Unless there is evidence to suggest that the disparity of 910,000 on the reported civilian deaths, we can consider that flase statistic as a lie.
The more battles you include, and the longer back in time you go, the clearer it gets that war is getting safer all the time. Add some pre-WW2 battles and even the very worst days of WW2 look like statistical noise on the average daily death scale, and Iraq completely disappears.
United States Army short dining prayer:
“God Bless the Armed Forces of the United States of America and all those who serve in them.”
Sergeant Michael P. Mauer
United States Army
1984 - 1992
What the author FAILS to realize is that only ONE, yes, ONE person died due to hostile action (AKA WAR) during the Clinton Administration, whereas those who died due to hostile action during Bush's War sky rocketed. So, the comparison is hollow and this author should be fired for making an elementary mistake in journalism.
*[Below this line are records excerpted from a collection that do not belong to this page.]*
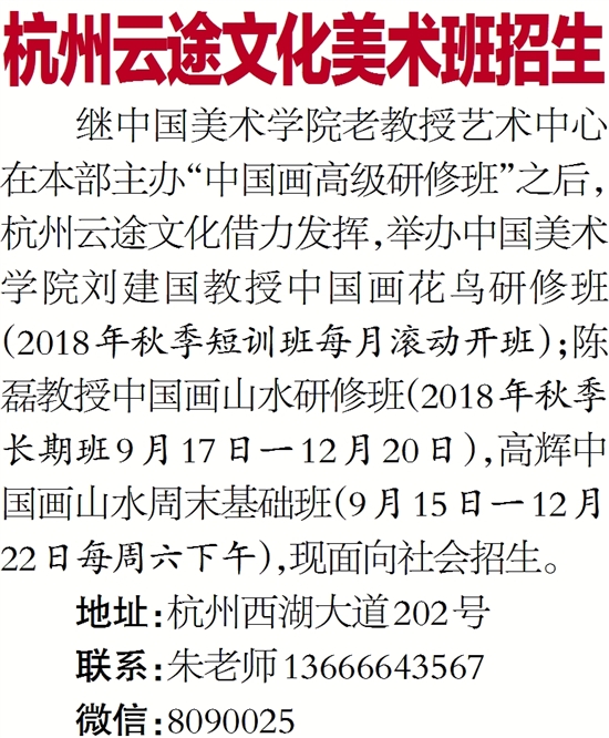 继中国美术学院老教授艺术中心在本部主办“中国画高级研修班”之后,杭州云途文化借力发挥,举办中国美术学院刘建国教授中国画花鸟研修班(2018年秋季短训班每月滚动开班);陈磊教授中国画山水研修班(2018年秋季长期班9月17日一12月20日),高辉中国画山水周末基础班(9月15日一12月22日每周六下午),现面向社会招生。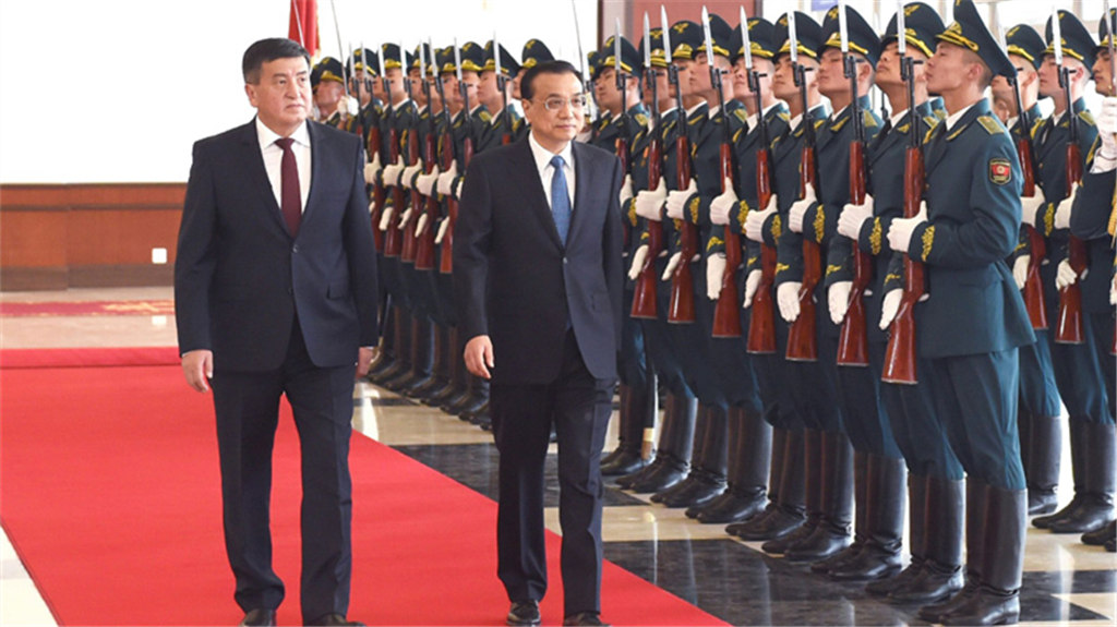 李克強總理2日下午抵達吉爾吉斯斯坦首都比什凱克,吉總理熱恩別科夫在機場貴賓大廳為李克強總理舉行隆重的歡迎儀式。軍樂隊先后奏響中吉兩國國歌,李克強在熱恩別科夫陪同下,沿紅地毯檢閱儀仗隊。
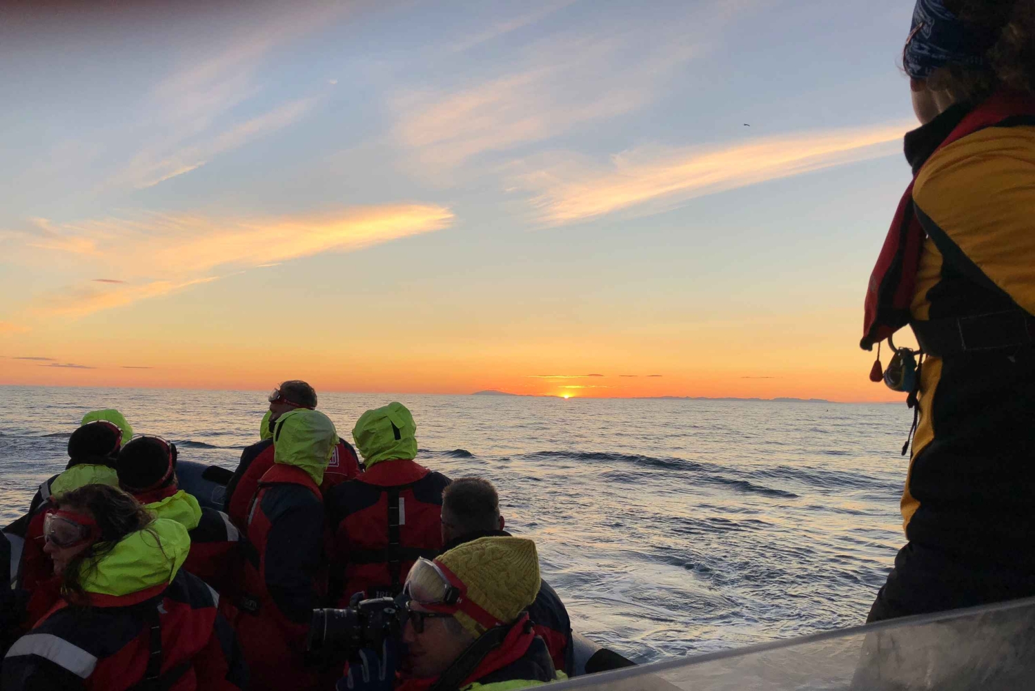 Durante as brilhantes noites de verão islandesas, o sol nórdico da meia-noite parece interminável. Portanto, um cruzeiro noturno é a maneira ideal de aproveitar ao máximo seu dia em Reykjavík enquanto aprecia vistas de perto de baleias, golfinhos, papagaios-do-mar e muito mais. Como as baleias nunca dormem completamente, você pode esperar encontrar a mesma vida selvagem neste passeio expresso de observação de baleias como em passeios regulares de um dia. Perto da costa de Reykjavík, você pode encontrar algumas das melhores observações de baleias do mundo e, durante o verão, as baleias são vistas em mais de 95% dos passeios.

wow. I stumbled on this webpage and it amazes me how ignorant people still are. I do not mean stupid either, I mean ignorant because you choose to look at bias information and criticize the left side without looking at both sides. Lets not forget that there is no war in Iraq it is a conflict and that we should only be in "conflict" with Afghanistan since they are the source. Now about the twin towers, how deep have you actually questioned without just taking the word of Fox news and other media outlets that are fed by only the right during the time of the incident. Now Lets look at history again. WWI &WWI cause depressions in America that caused major bills to be passed to rebuild the economy. We suffered major losses and still regret sending our troops to Vietnam because of the deficit we built up solely based on that. Now ask yourself again if even one American life is worth the price of a barrel. When it comes down to it I choose to not be biased and to stand there and say how great bush is is baffling to me. His intelligence is definitely not whats holding up his puppet strings. Look at the economy and then look at who is benefitting from people who work hard to keep up with the prices of the pumps and now everything as our economy crashes. Who is benefitting is cheney and bush and their people. Complain about clinton all you want but the economy was not going to into repression during his days in office and employment was at an all time high. Now if thats not enough look around the world and watch how fall we fall down the list of living standards. We used to be 5th, Canada even makes more than our greenback is worth when it only used to be $.68 to our $1.00. the euro is also almost double the greenback. Now finally tell me I am wrong, but please be educated about it not just some good christian or person who was raised to believe the way their parents do. Your parents were probably boomers and their generation is set for life, while they left ours in the shitter.